Interlude: Thread Unsoundness Bug

  • Remember how we said scoped threads used to be in std?
  • Before Rust 1.0, a serious bug was discovered with scoped threads and a few other types.
  • In short, it was possible to create a scoped thread, leak it with mem::forget, and have it end up accessing freed memory.
  • See discussion here and here.

Eventual

  • A library for performing asynchronous computations.
  • Employs Futures and Streams, which represent asynchronous computations.
    • Futures are similar to Promises (in JavaScript).

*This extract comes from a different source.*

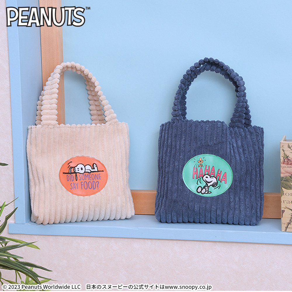 トレンドのコーデュロイ生地がおしゃれな「スヌーピー」のトートバッグ。

The term promise was proposed in 1976 by Daniel P. Friedman and David Wise, and Peter Hibbard called it eventual. A somewhat similar concept future was introduced in 1977 in a paper by Henry Baker and Carl Hewitt. —Wikipedia


Futures & Streams

  • A Future is a proxy for a value which is being computed asynchronously.
  • The computation behind a Future may be run in another thread, or may be kicked off as a callback to some other operation.
  • You can think of a Future like a Result whose value is computed asynchronously.
  • Futures can be polled for their information, blocked on, ANDed together with other Futures, etc.
  • Streams are similar to Futures, but represent a sequence of values instead of just one.

Futures & Streams

  1. extern crate eventual;
  2. use eventual::*;
  3. let f1 = Future::spawn(|| { 1 });
  4. let f2 = Future::spawn(|| { 2 });
  5. let res = join((f1, f2))
  6. .and_then(|(v1, v2)| Ok(v1 + v2))
  7. .await().unwrap();
  8. println!("{}", res); // 3

Futures

  • Futures are useful for offloading slow computational tasks into the “background”.
  • Easier than running a raw thread with the desired computation.
  • Example: Requesting large images from an HTTP server might be slow, so it might be better to fetch images in parallel asynchronously.